# Yep I am a Rookie



## hannibal (Apr 22, 2010)

Hello everyone. I am brand new to the smoking world (unless you count eating it). 

I just picked up a Masterbuilt digital electric smoker from Cabela's yesterday.  As I am typing this, my pre-seasoning process is just wrapping up. I debated as to what kind of smoker to go with, but decided to go with an electric one with a digital temperature control. I figured there would be less for me to screw up. 

I found this forum via a google search and after browsing through, it looked like a nice spot to visit and hopefully learn some tricks of the trade.

I have decided to jump right in and smoke some brisket today. I have the brisket basking in the glory of a nice spice rub and have some hickory chips soaking in some H2O.  Once the smoker has completed its preseasoning, I will drop the temperature and begin my journey into the smokie unknown. 

Wish me luck.


----------



## pineywoods (Apr 22, 2010)

Welcome to SMF glad you decided to join us. Congrats on the new smoker. I'd suggest signing up for Jeff's 5 Day Ecourse its free and contains some great info. You'll also find lots of good info here and some great recipes as well. Good luck on the brisket smoke


----------



## smokin relaxin steve (Apr 22, 2010)

Welcome to SMF! snap some photos of the smoke and finished product (if you have the time) we love a QView around here!


----------



## hannibal (Apr 22, 2010)

Thanks.

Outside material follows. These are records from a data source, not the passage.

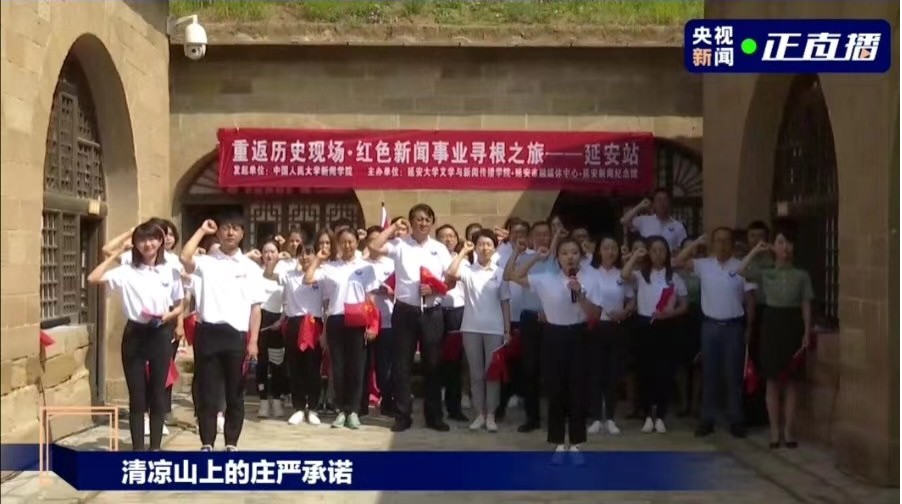 米兰milan官方网站新闻系教师郭小良从华侨青年王唯真回国抗战、奔赴延安切入给大家讲述了华侨青年奔赴延安、从事新闻宣传工作的具体史实。在米兰milan官方网站苑志鑫同学的带领下,大家举起右拳,面向宝塔山,向党和人民做出了新闻工作者庄严的承诺。直播中,文学与新闻传播学院院长梁向阳讲到,1946年米兰milan官方网站创办的新闻班是中国共产党创办的第一个大学新闻新闻专业,今天重返新闻历史现场就是为了寻找初心、淬炼灵魂,守正创新再出发。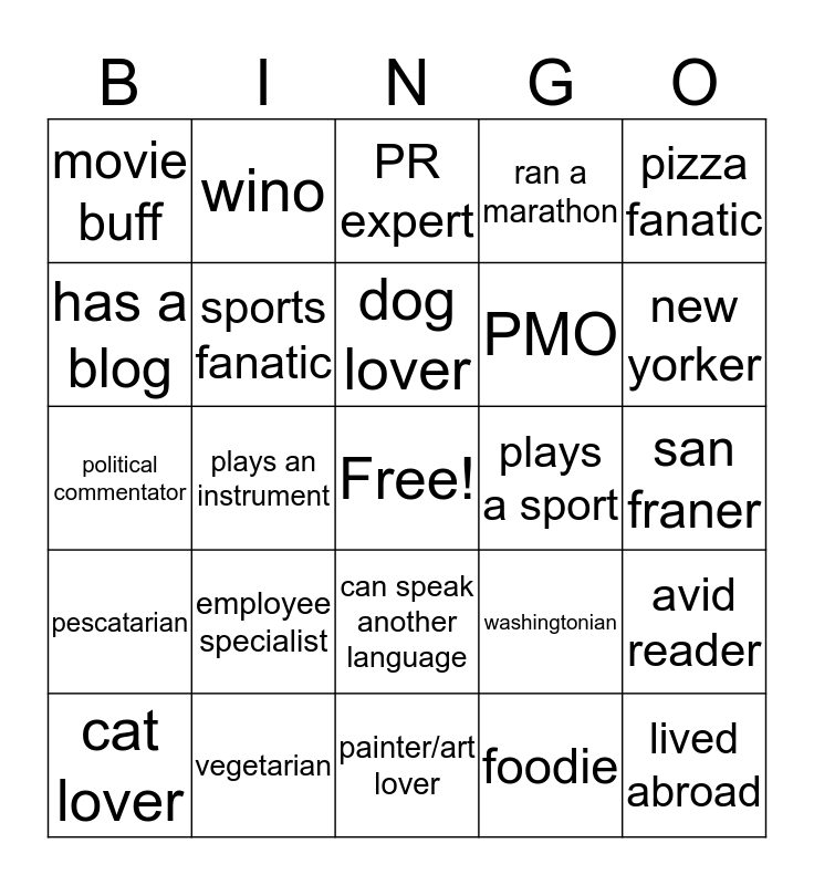 This bingo card has a free space and 24 words: employee specialist, vegetarian, dog lover, cat lover, pizza fanatic, movie buff, has a blog, wino, plays a sport, can speak another language, PMO, political commentator, washingtonian, avid reader, sports fanatic, foodie, san franer, PR expert, new yorker, plays an instrument, lived abroad, pescatarian, ran a marathon and painter/art lover.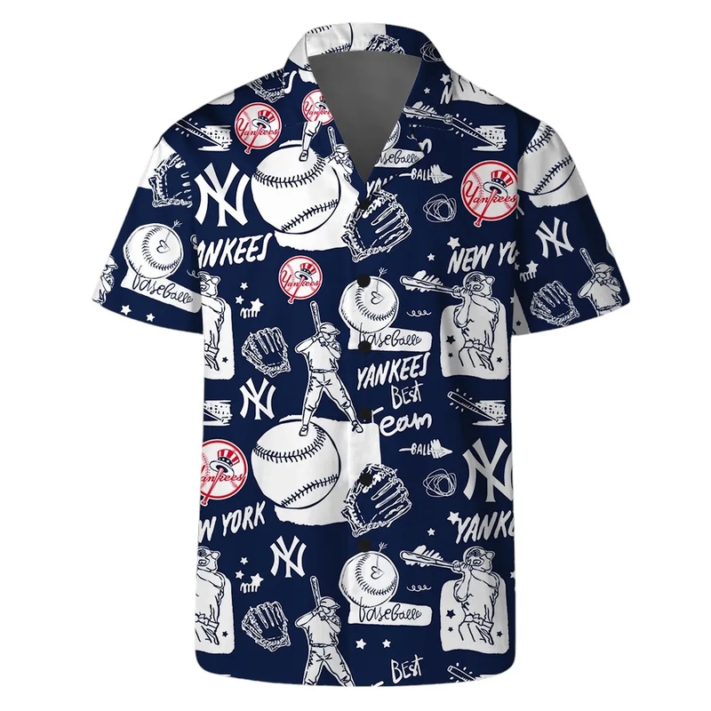 Show your team spirit with tropical flair in our New York Yankees Baseball Sketch Hawaiian Shirt! This vibrant Hawaiian shirt showcases New York Yankees colors and logos amid island-inspired designs. Perfect for game days or casual wear, it’s the ultimate way to combine comfort, style, and fan pride wherever you go.

I will check into the 5 day class. And I will be sure to post some pics.


----------



## etcher1 (Apr 22, 2010)

Welcome 


to the *SMF* forum, You came to the right place. Good people and good info.


----------



## meateater (Apr 22, 2010)

Welcome to the SMF. Glad to have you here. Lots of good folks, great recipes and knowledge. Looking forward to your first qview.


----------



## pit 4 brains (Apr 22, 2010)

Jumping right in with a brisket ehh? Very bold my friend..
1. Don't expect it to be done when you expect it to be done...
	

	
	
		
		



		
			






2. Go get more beer..

3. Do you have a digital probe and wire type thermometer? If not, nows a good time to go get one.

4. Beware of the "stall" ( good search topic) around 140-150 degrees.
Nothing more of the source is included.